Hefe
Hefe

Reputation: 439

Use a Generator To Convert JSON and TSV Data into a Dictionary

We need to get the data from the file file.data into a DataFrame. The problem is that the data on each line of the file is in either a JSON or Tab-separated values (TSV) format.

The JSON lines are in the correct format, they just need to be converted to native Python dicts.

The TSV lines need to be converted in to dicts that match the JSON format.

Here is a sample of the file:

{"company": "Watkins Inc", "catch_phrase": "Integrated radical installation", "phone": "7712422719", "timezone": "America/New_York", "client_count": 442}
Bennett and Sons    Persistent contextually-based standardization   018.666.0600    America/Los_Angeles 492
Ferguson-Garner Multi-layered tertiary neural-net   (086)401-8955x53502 America/Los_Angeles 528
{"company": "Pennington PLC", "catch_phrase": "Future-proofed tertiary frame", "phone": "+1-312-296-2956x137", "timezone": "America/Indiana/Indianapolis", "client_count": 638}

Write a generator that takes an iterator as an argument. It should parse the values in the iterator and yield each value in the correct format: A dict with the keys:

My code so far:

df = pd.read_csv("file.data", sep="\t")
    for col in df[["company"]]:
        obj = df[col]
        for item in obj.values:
            json_obj = json.loads(item)

Upvotes: 0

Views: 736

Answers (1)

pho
pho

Reputation: 25489

Don't use pandas to read the entire file. Instead, read the file line by line, and create a list of dicts.

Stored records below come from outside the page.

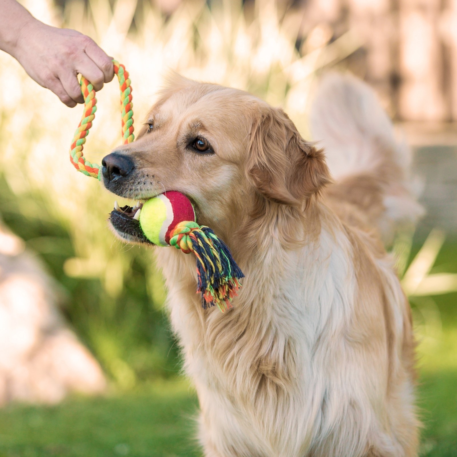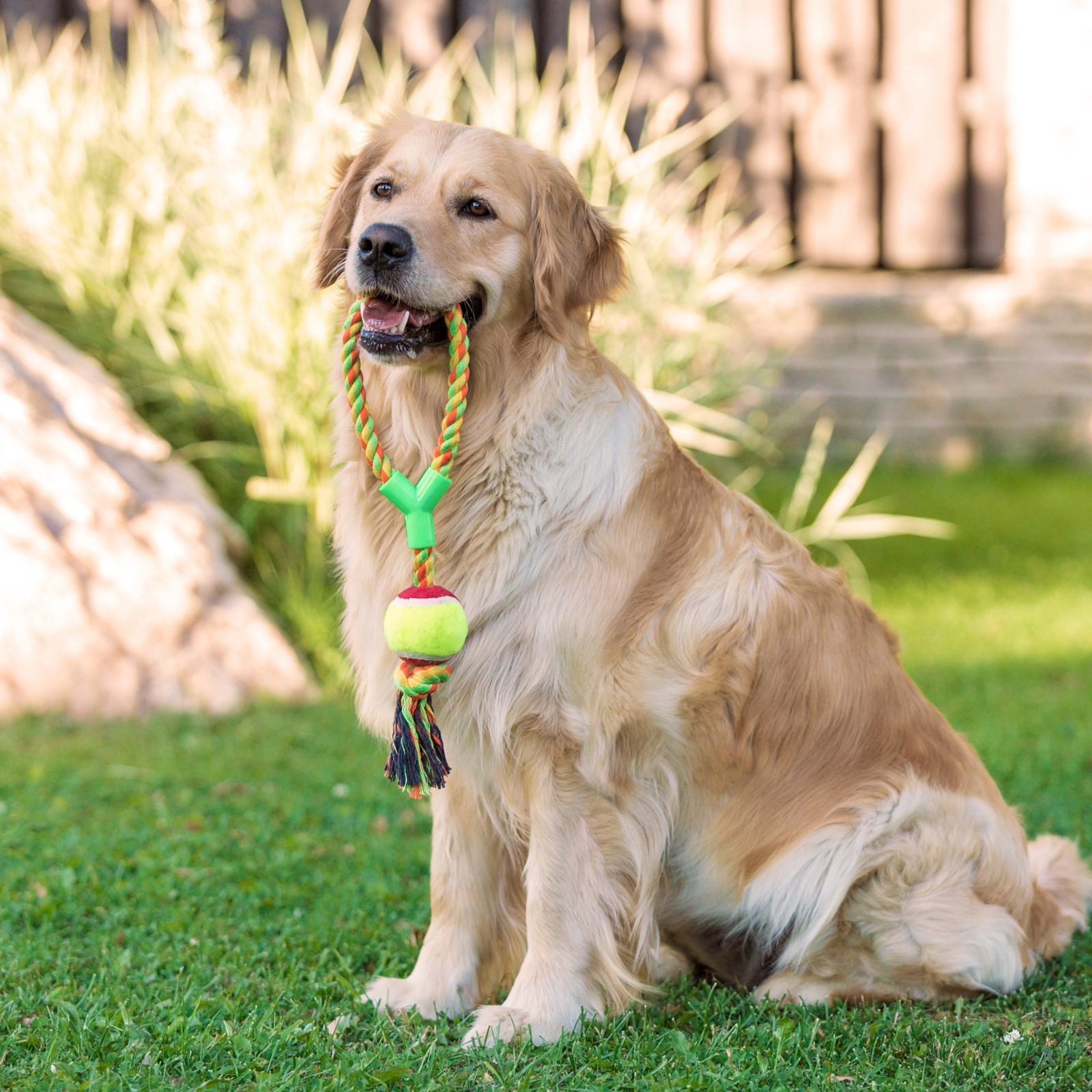 Игрушка канатная с ручкой и мячом, до 150 г, до 35 см, микс цветов
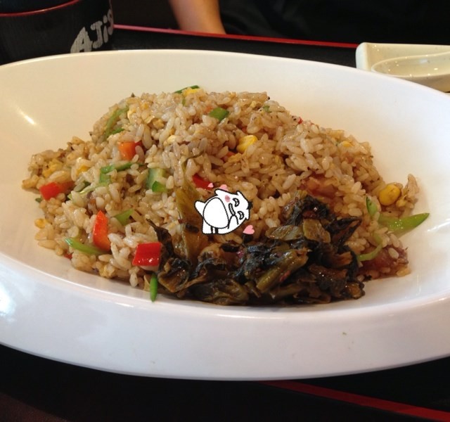 在单位加班,头请客,同事出去打包回来,大家一起吃的。打包的话,汤面之类的就不太方便买了,只能买炒饭,煎饺之类的。炒饭就两种,麻麻辣辣牛肉炒饭和猪肉炒饭,同事说没得选。我吃了麻麻辣辣牛肉炒饭,真的挺辣的,一直喝水。一次性的碗,看上去不大,吃下去还真饱,煎饺都吃不下了。…查看更多
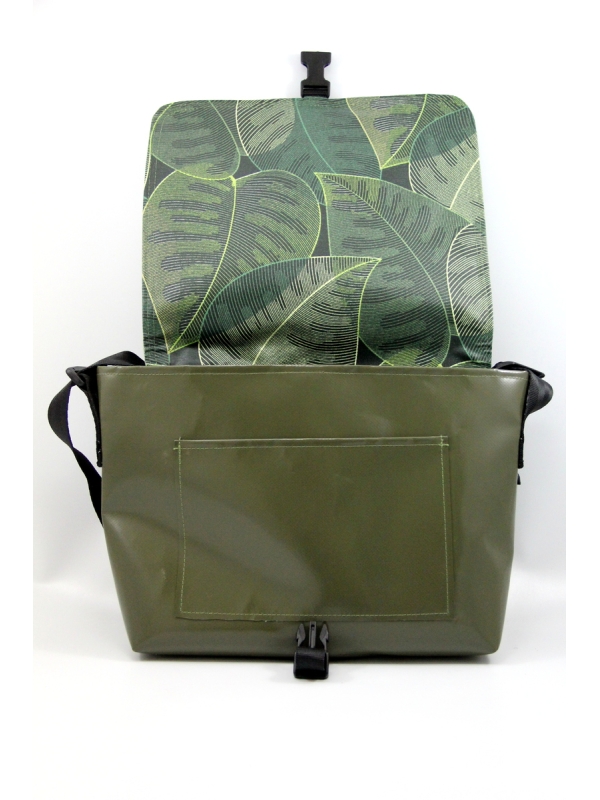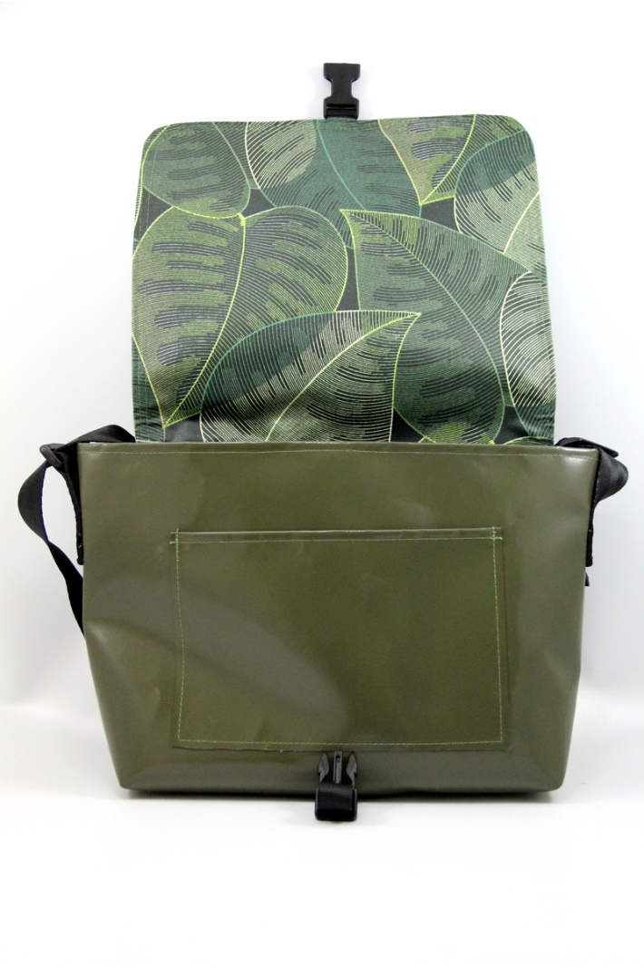 Le rabat est en canevas de coton enduit dessus et en toile enduite fantaisie dessous et il est cousu sur la base en bâche du sac.
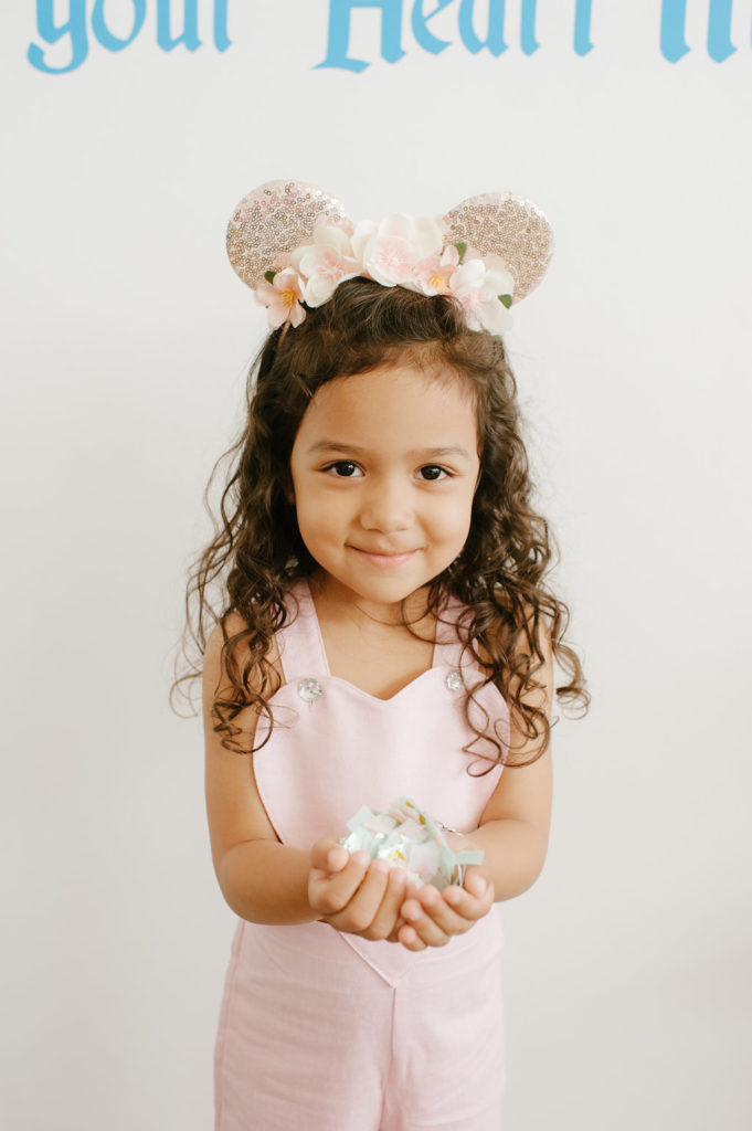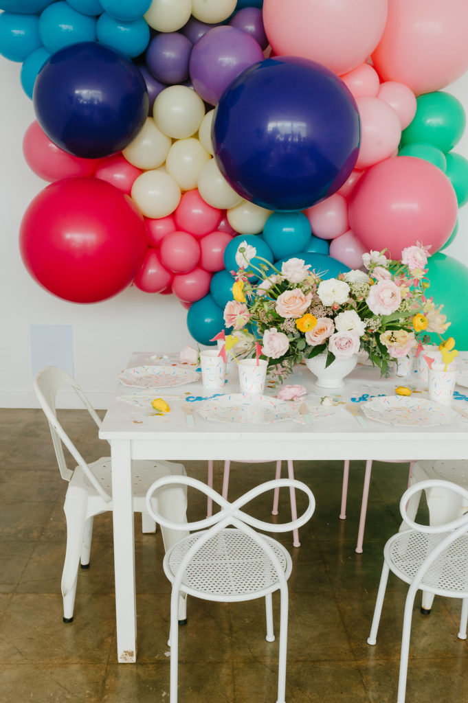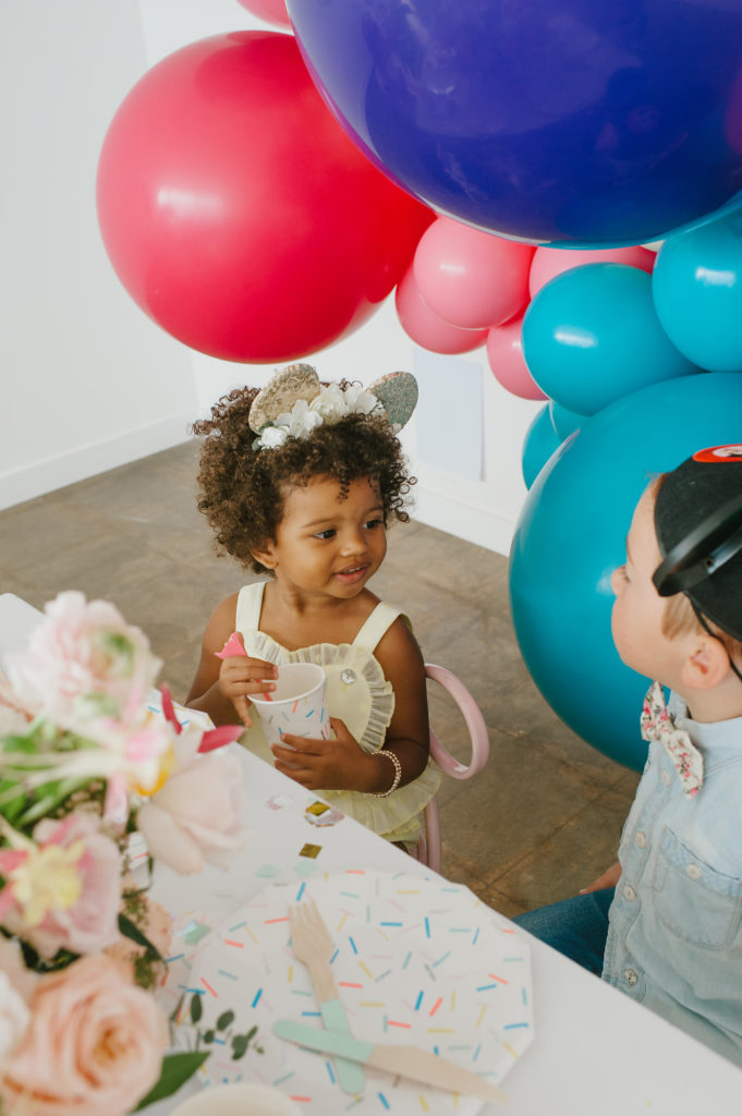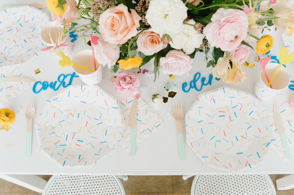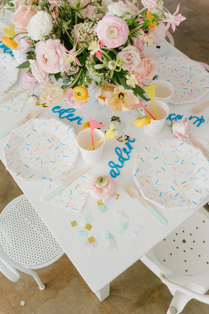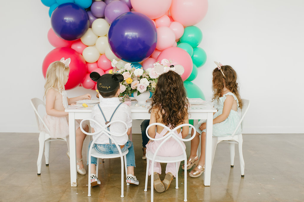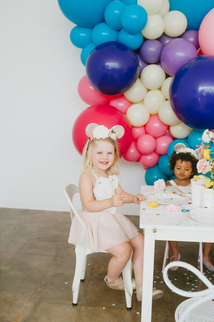 With a Disneyland party, we had to include balloons from our friends at Wild Child Party. They were the most amazing backdrop for our little party set up. We held our first Disney party at Wild Child’s space and we had to continue the fun with this little shoot! I also set the table with the most adorable plates, cups, napkins and flatware from their incredible tabletop selection. It’s a one stop shop y’all!!

Then use pandas to get your dataframe.

dict_data = []
tsv_data = []
with open('file.data', 'r') as f:
    for line in f:
        line = line.strip()
        try:
            d = json.loads(line)
            dict_data.append(d)
        except json.JSONDecodeError: # JSONDecodeError when you try to loads() a TSV line
            tsv_data.append(line.split("\t")) # Split the line by tabs, append to the tsv list

After this, we have

dict_data = [{'company': 'Watkins Inc',
  'catch_phrase': 'Integrated radical installation',
  'phone': '7712422719',
  'timezone': 'America/New_York',
  'client_count': 442},
 {'company': 'Pennington PLC',
  'catch_phrase': 'Future-proofed tertiary frame',
  'phone': '+1-312-296-2956x137',
  'timezone': 'America/Indiana/Indianapolis',
  'client_count': 638}]

tsv_data = [['Bennett and Sons',
  'Persistent contextually-based standardization',
  '018.666.0600',
  'America/Los_Angeles',
  '492'],
 ['Ferguson-Garner',
  'Multi-layered tertiary neural-net',
  '(086)401-8955x53502',
  'America/Los_Angeles',
  '528']]

Notice that everything in tsv_data is a string, so we're going to have to fix that at some point.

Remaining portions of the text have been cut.